The different parts of a Java web application need to be able access the same data objects. For instance, a product catalog object a listener creates at application start must be accessible by a servlet that processes a user query against the catalog, and the result of the query must be available to the JSP page that renders the response showing the result.

The Servlet API includes methods for managing this type of data as attributes of the objects representing the application, the user session, and the request, defined by these classes, respectively: javax.servlet.ServletContext, javax.servlet.http.HttpSession, and javax.servlet.ServletRequest.

All three classes contain these methods for managing the attributes:

public void setAttribute(String name, Object value);
public Object getAttribute(String name);
public void removeAttribute(String name);

In the product catalog example, the listener uses the setAttribute() method on the ServletContext to make the catalog available to the servlet, and the servlet uses the getAttribute( ) method to obtain it. To make the query result available to the JSP page, the servlet calls the setAttribute( ) method of either the HttpSession or the ServletRequest object (depending on how long the result must be available).

The JSP specification refers to these three attribute collections as different scopes: the application, session, and request scope. It also adds a collection of attributes available only to objects within the same JSP page during the processing of a request. It calls this the page scope.
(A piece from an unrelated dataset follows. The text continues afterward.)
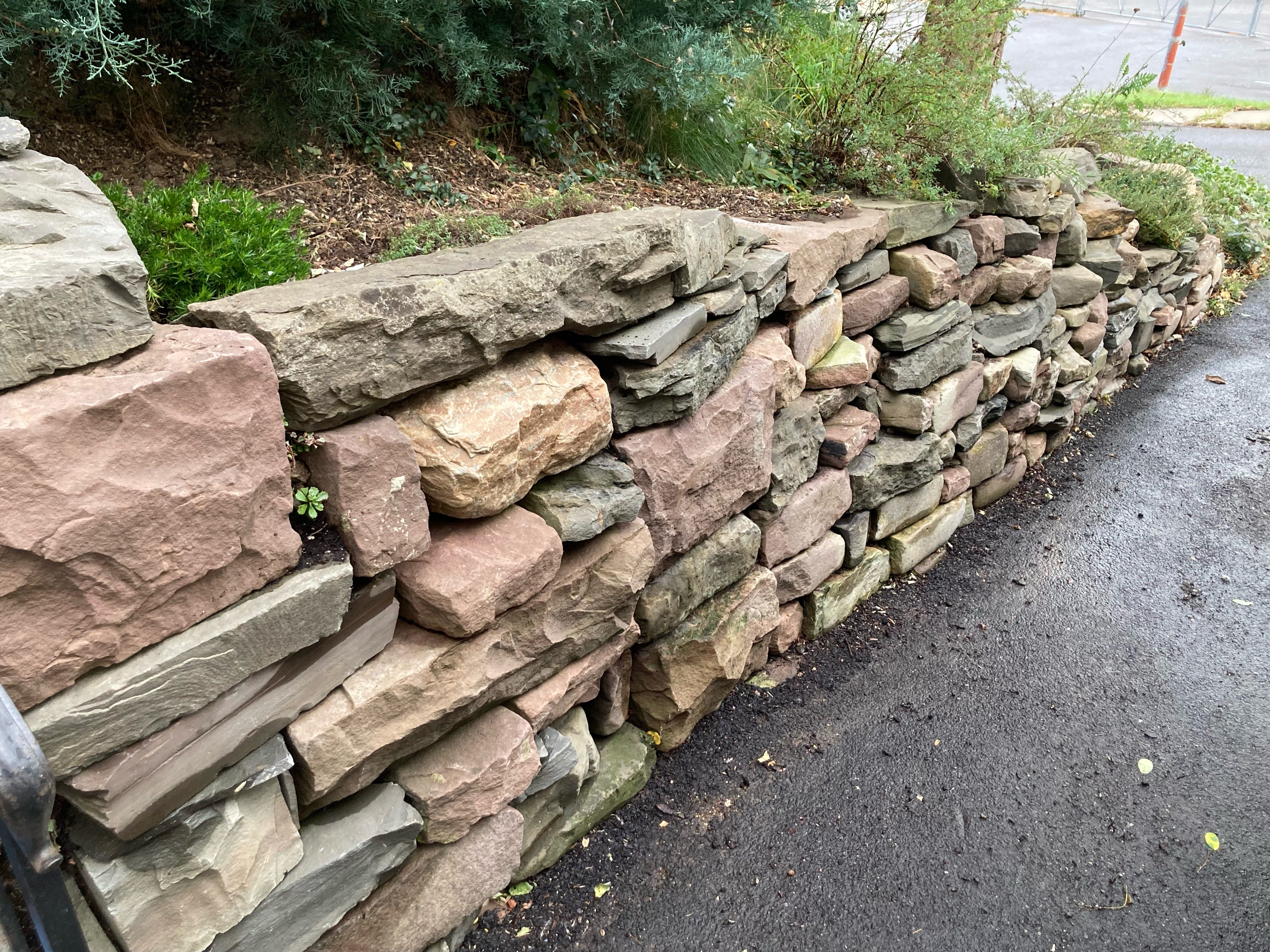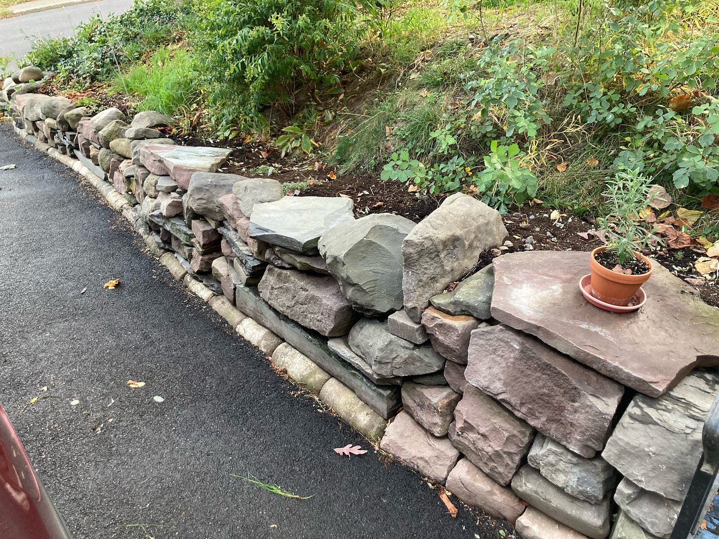 The third wall we built was as much a relationship-building exercise as a way to spend time outside on a regular basis. It involved several months excavating hard clay dirt by pickaxe, shovel and bucket before we could even start laying the foundational stones. The chipmunks love its nooks and crannies, but they are awfully hard on the modest plantings which we have tried. The groundhogs and deer finished off what the chipmunks started, so that it has taken a while to find plants which are well-suited to the soil behind this wall.

Figure 4-11 shows the lifetime and visibility of objects in the different scopes.

Figure 4-11. Lifetime and visibility of objects in different scopes
figs/Jsf_0411.gif

The JSP EL provides implicit variables that represent the scopes as java.util.Map instances, as shown in Table 4-5. Assuming the servlet in the product catalog example saves the query result as a bean with properties named rowCount and rows in a request attribute named result, the JSP page can access and use the data like this (using JSTL core actions):

<c:if test="${requestScope.result.rowCount == 0}">

  Sorry, not products match your criteria

</c:if>

<c:if test="${requestScope.result.rowCount != 0}">

  These products were found:

  <ul>

    <c:forEach items="${requestScope.result.rows}" var="row">

      <li>${pageScope.row.prodName}</li>

    </c:forEach>

  </ul>

</c:if>

EL expressions actually look for attributes in all scopes if no scope is specified, in the order page, request, session, and application, so the example can be simplified like this:

<c:if test="${result.rowCount == 0}">

  Sorry, not products match your criteria

</c:if>

<c:if test="${result.rowCount != 0}">

  These products were found:

  <ul>

    <c:forEach items="${result.rows}" var="row">

      <li>${row.prodName}</li>

    </c:forEach>

  </ul>

</c:if>

This concludes our tour through HTTP, servlets, and JSP. While we've barely scratched the surface of these technologies, we have covered the most important aspects that you must be aware of in order to use JSF. If all of this is new, you may want to return to this chapter to refresh your memory when the other chapters rely on an understanding of what's covered here.